Please go to the ENCODE3 wiki for current information.

File Formats

From Encode2 Wiki
Jump to: navigation, search

This page describes the file formats for ENCODE data. Many of these are variations of the UCSC BED format. When BED formats are extended, they are referred to as BEDn+, where n is the number of fields that are standard BED. In the descriptions below, the notation BEDn+m is used to indicate the format has n standard BED fields, followed by m non-standard fields. For example, a BED file with 9 fields where the first 6 are standard, is referred to as a BED6+3.

Note that BED chromosomal positions are defined on a zero-based half-open interval, so that the first position is 0, and chromEnd - chromStart is the length of the aligning region of the genome. (E.g. a 30nt sequence aligning to the first 30 bases on a chromosome would have chromStart=0 and chromEnd=30).


BigWig: Format

See http://genome.ucsc.edu/FAQ/FAQformat#format3


Bam: Format

See http://genome.ucsc.edu/FAQ/FAQformat#format3


ENCODE RNA Elements: BED6 + 3 Scores Format

field type description
chrom string Chromosome (or contig, scaffold, etc.)
chromStart int The starting position of the feature in the chromosome. The first base in a chromosome is numbered 0.
chromEnd int The ending position of the feature in the chromosome or scaffold. The chromEnd base is not included in the display of the feature. For example, the first 100 bases of a chromosome are defined as chromStart=0, chromEnd=100, and span the bases numbered 0-99.
name string Name given to a region (preferably unique). Use '.' if no name is assigned.
score int Indicates how dark the peak will be displayed in the browser (1-1000). Ideally average signalValue per base spread between 100-1000.
strand char +/- to denote strand or orientation (whenever applicable). Use '.' if no orientation is assigned.
level float Expression level such as RPKM or FPKM.
signif float Statistical significance such as IDR. Use a period (".") when a significance score is not applicable.
score2 int Additional measurement/count e.g. number of reads.

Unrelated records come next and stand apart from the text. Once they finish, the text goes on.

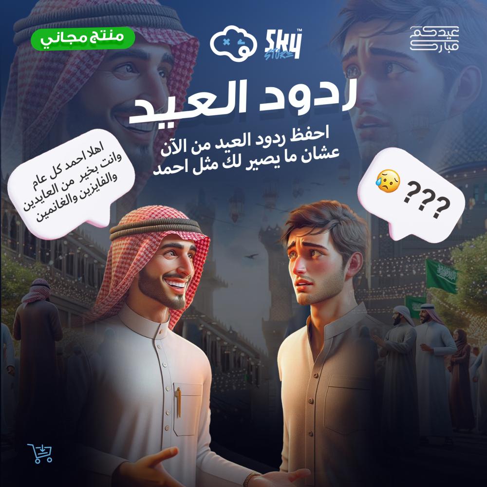 مو مشكلة سكاي وفر لك ردود العيد كاملة مجانًا .. كل الردود موجود احفظها بكل سهولة علشان تقدر ترد على عمك إذا عيّد عليك😂.
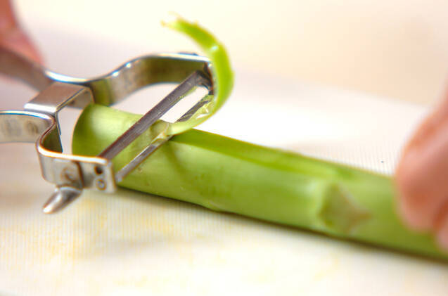 グリーンアスパラはピーラーで皮とハカマを削ぎ取り、茎の付け根の堅い部分を切り落とし、食べやすい大きさに切る。
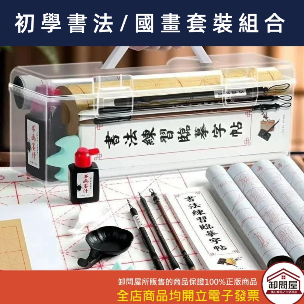台灣 文房四寶 書法 套裝組 毛筆 宣紙 毛氈 毛邊紙 毛筆 正姿毛筆 水寫布 臨摹字帖 墨汁 收納盒組
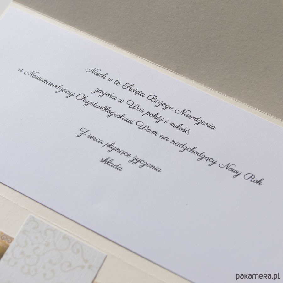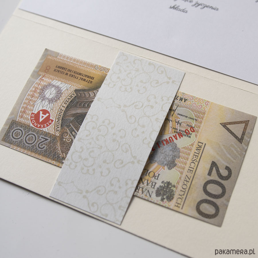 Kartka ma formę rozkładanego folderu, w środku znajduje się miejsce na życzenia oraz miejsce na pieniądze (kieszonka z wzorzystego papieru na jednym ze skrzydełek kartki).
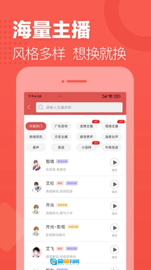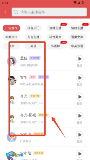 2、挑选你钟爱的主播声音风格,像轻柔女声、稳重男声或是俏皮童音,先试听一下看看效果合不合适。
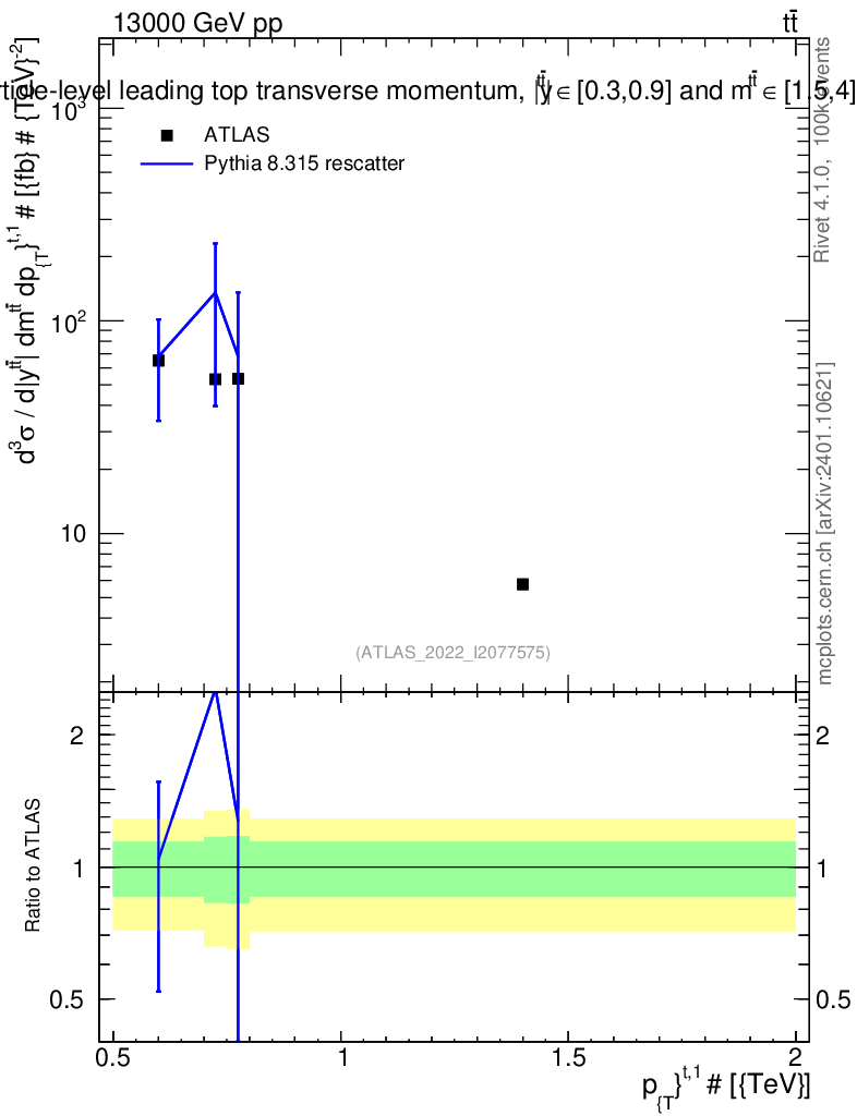 Lines: data, pythia8 8.315 rescatter |
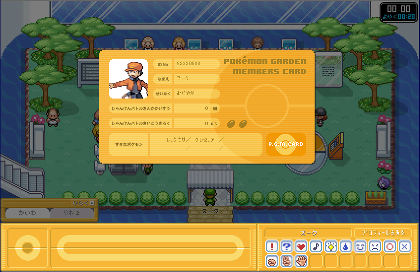 | すると、このように表示されると思います。 (この画像のステータスは、既に遊んでいるので、初期状態ではありません) では、ポケモンガーデンへ入るをクリック! |

SAM: Sequence Alignment Map Format

This format is used to provide genomic mapping of short sequence tags. This format supercedes the tagAlign formats used initially for ENCODE submissions (through the mid-course evaluation data freeze, January 15, 2010). See the SAM/BAM wiki page for more information


narrowPeak: Narrow (or Point-Source) Peaks Format

This format is used to provide called peaks of signal enrichment based on pooled, normalized (interpreted) data. It is a BED6+4 format.

field type description
chrom string Name of the chromosome
chromStart int The starting position of the feature in the chromosome. The first base in a chromosome is numbered 0.
chromEnd int The ending position of the feature in the chromosome or scaffold. The chromEnd base is not included in the display of the feature. For example, the first 100 bases of a chromosome are defined as chromStart=0, chromEnd=100, and span the bases numbered 0-99.
name string Name given to a region (preferably unique). Use '.' if no name is assigned.
score int Indicates how dark the peak will be displayed in the browser (1-1000). If '0', the DCC will assign this based on signal value. Ideally average signalValue per base spread between 100-1000.
strand char +/- to denote strand or orientation (whenever applicable). Use '.' if no orientation is assigned.
signalValue float Measurement of overall (usually, average) enrichment for the region.
pValue float Measurement of statistical signficance (-log10). Use -1 if no pValue is assigned.
qValue float Measurement of statistical significance using false discovery rate. Use -1 if no qValue is assigned.
peak int Point-source called for this peak; 0-based offset from chromStart. Use -1 if no point-source called.

e.g.

chrX    9091548 9091648 .       0       .       182     5.0945  -1  50
chrX    9358722 9358822 .       0       .       91      4.6052  -1  40
chrX    9391082 9391182 .       0       .       182     9.2103  -1  75


broadPeak: Broad Peaks (or Regions) Format

This format is used to provide called regions of signal enrichment based on pooled, normalized (interpreted) data. It is a BED 6+3 format.

field type description
chrom string Name of the chromosome.
chromStart int The starting position of the feature in the chromosome. The first base in a chromosome is numbered 0.
chromEnd int The ending position of the feature in the chromosome or scaffold. The chromEnd base is not included in the display of the feature. For example, the first 100 bases of a chromosome are defined as chromStart=0, chromEnd=100, and span the bases numbered 0-99.
name string Name given to a region (preferably unique). Use '.' if no name is assigned.
score int Indicates how dark the peak will be displayed in the browser (1-1000). If '0', the DCC will assign this based on signal value. Ideally average signalValue per base spread between 100-1000.
strand char +/- to denote strand or orientation (whenever applicable). Use '.' if no orientation is assigned.
signalValue float Measurement of overall (usually, average) enrichment for the region.
pValue float Measurement of statistical signficance (-log10). Use -1 if no pValue is assigned.
qValue float Measurement of statistical significance using false discovery rate. Use -1 if no qValue is assigned.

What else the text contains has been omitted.